Однажды во время рассказа позвонил какой-то француз, из деревеньки в Шампани. Антон долго обсуждал с ним, видимо, общее дело. Что-то одобрял, спорил, диктовал список названий. И, положив трубку, довольно вздохнул, как после трудной, хорошо выполненной работы.
— Представляешь, едет все-таки!
— Едет кто?
— Да есть тут шейх такой. В десятке самых богатых людей мира.
— Он что, к нам едет? — испуганно переспросила Ника, Антон только улыбнулся ее наивности.
— Нет, радость моя, в деревню, в шампаньскую деревню. Там в пристройке у меня хранятся работы. Вот он и едет смотреть. Что-нибудь купит — будем жить хорошо и красиво. Ладно, хуже нет, чем мечтать заранее, а потом разочаровываться, — перебил он самого себя. — Давай-ка я тебя порисую, девочка. Ну-ка улыбнись, сделай свет в глазах! — И он выставил табурет на середину комнаты.
…Был разгар лета, и даже близко к полуночи солнце еще висело над крышами зданий. В этот час они спускались на лифте, ловили частника, ехали к Дворцовой набережной и, взявшись за руки, гуляли — от Каменноостровского моста до Медного всадника.
— Смотри! Смотри! — увлеченно показывал Антон. — Солнце зашло, а ангел на Петропавловке продолжает светиться! Сейчас начнется главное чудо! — Он показывал это ей каждый вечер, и каждый вечер сам не уставал удивляться, будто видел впервые в жизни. — Вот оно! — радовался Антон. — Серебряное свечение.
Легкие, полупрозрачные облака, которые появлялись на прежде безоблачном небе неизвестно откуда, отражали лучи ушедшего за горизонт солнца. От облаков эти лучи падали на Неву и, еще раз отражаясь от водной глади, снова устремлялись к небу. В этом многократном отражении пространство становилось зыбким, казалось, воздух в самом деле распространял серебристый свет. Антон вел ее мимо дворцов и в который раз счастливо удивлялся:
— Нет, ты смотри, смотри на здания! Видишь, как четко прорисована каждая линия! — Ника иногда и в самом деле видела все, что показывал Антон. Но даже если и не видела, поворачивала к нему счастливое лицо. Они были вместе — ей уже и этого было достаточно. — Вот момент истины! — говорил Антон. — Авторское откровение! Только в эти полчаса постигаешь по-настоящему замысел всех тех великих зодчих.

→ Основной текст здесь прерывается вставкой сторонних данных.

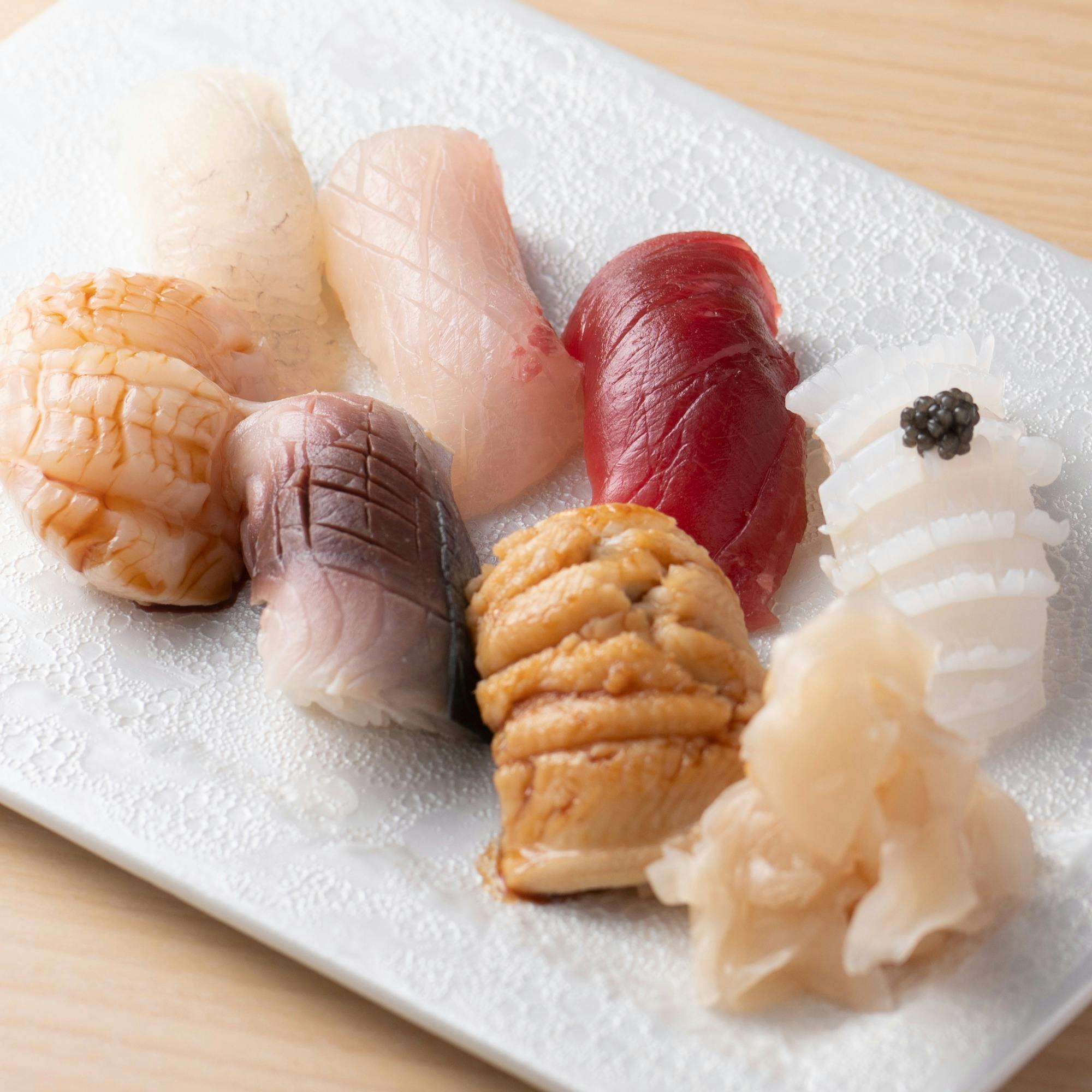【鮨 囃子】では熟成魚を提供しております。 魚は熟成させると旨みが増し、鮮魚とはまた違った魚本来の「究極の旨味」をご堪能下さい。 江戸前の仕事を多く踏襲する中で、魚介の味と香りをより引き出すため試行錯誤を続けています。 すし飯を赤酢で作ったりといった技法も江戸前鮨の伝統を貫いております。 すし飯のお米とお酢(赤酢)、炊き方と調味は特に熟考しました。おまかせコースが基本で、一手間加えて魚の旨味を引き出して食べる江戸前鮨を、是非召し上がって頂きたいです。

На набережной гуляли толпы людей, как в праздничный день на Невском. Торговали цветами, воздушными шарами. С плавучих ресторанов доносилась музыка. Они несколько раз останавливались, и Антон покупал цветы, добавляя еще и еще у каждого киоска. И когда букет становился огромным, они ловили машину, возвращались домой и любили друг друга.

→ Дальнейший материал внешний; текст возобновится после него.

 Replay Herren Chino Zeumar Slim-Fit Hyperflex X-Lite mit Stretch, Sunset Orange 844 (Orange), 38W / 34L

Уже в первые дни Ника нашла момент, когда Аркадия не было дома, взяла кое-что из своей одежды и документы. В заграничном паспорте у нее стояла шенгенская виза.

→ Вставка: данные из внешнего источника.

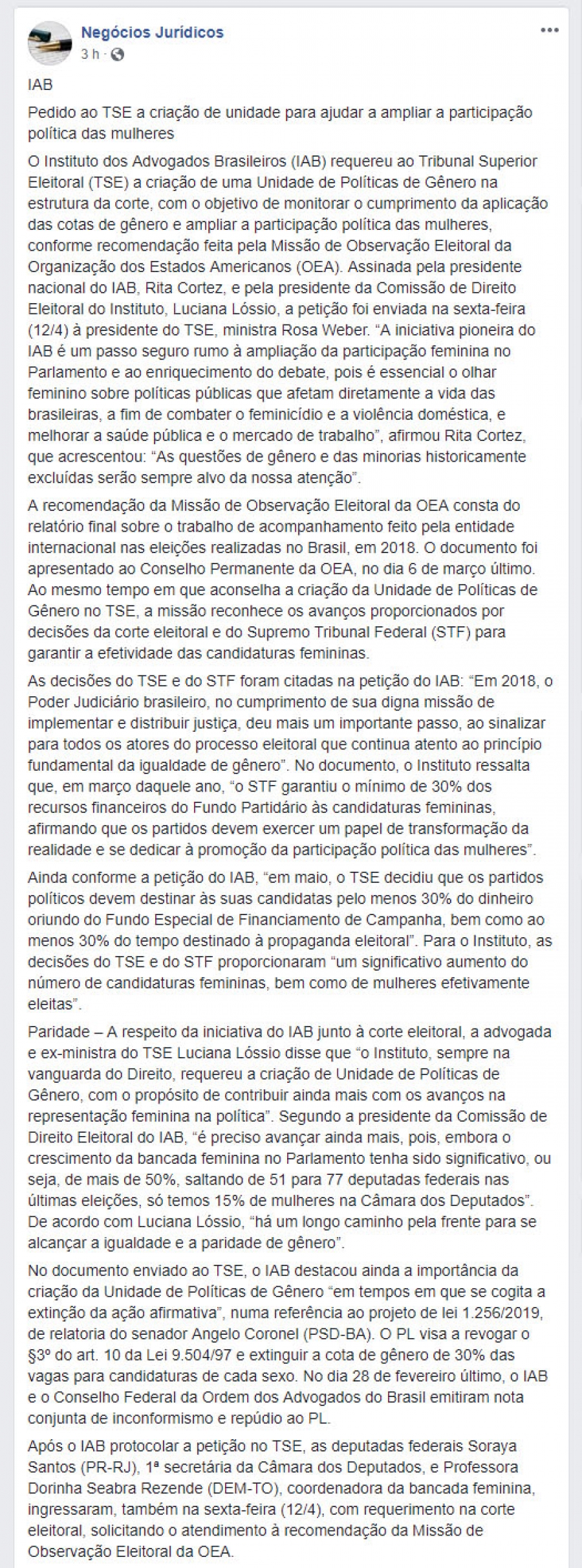 FONTE: Negócios Jurídicos - 15/4/2019

— Это хорошо, — сказал Антон. — Будет проще тебя увезти, моя красавица.
И она уже сама начинала верить в то, что казалось сказкой. Квартира в Париже, дом в Шампани и даже маленький самолет, чтобы летать к другу в Канны.
— А ты не будешь меня стесняться? — спрашивала она.
— С какой стати?
— «С какой, с какой»! Из-за роста, конечно.
— Ну что ты, девочка моя! — Он осторожно прижимал ее к себе так, что она чувствовала все его тело.
— А тебе лучше как: когда я с тобой как девочка или как взрослая женщина? — продолжала допрашивать она.
— Это вопрос! — Она не видела его лица, но знала, что он улыбается. — Пожалуй, как девочка. Но и как женщина тоже.
— А ты случайно не педофил?
— Не знаю… Не было случая подумать.
— Похоже, не педофил, — делала она заключение. — Значит, ты любишь только меня. ?
— А кого же еще. Конечно тебя.
У него была жена-гречанка, с которой они уже больше пяти лет жили отдельно.
— Обыкновенный банал, — рассказывал он, слегка морщась. — Был в Латинской Америке, вернулся без предупреждения, застал не одну. В постели, естественно. Сразу повернулся и поехал снова в аэропорт… С тех пор я ее не видел…
— Она тоже в Париже?
— Не думаю, — сказал он. — По крайней мере, год назад жила в Индии. Восточные культы и все такое. Поселилась в буддистском монастыре. Кстати, надо спросить у адвоката, куда он ей переводит содержание…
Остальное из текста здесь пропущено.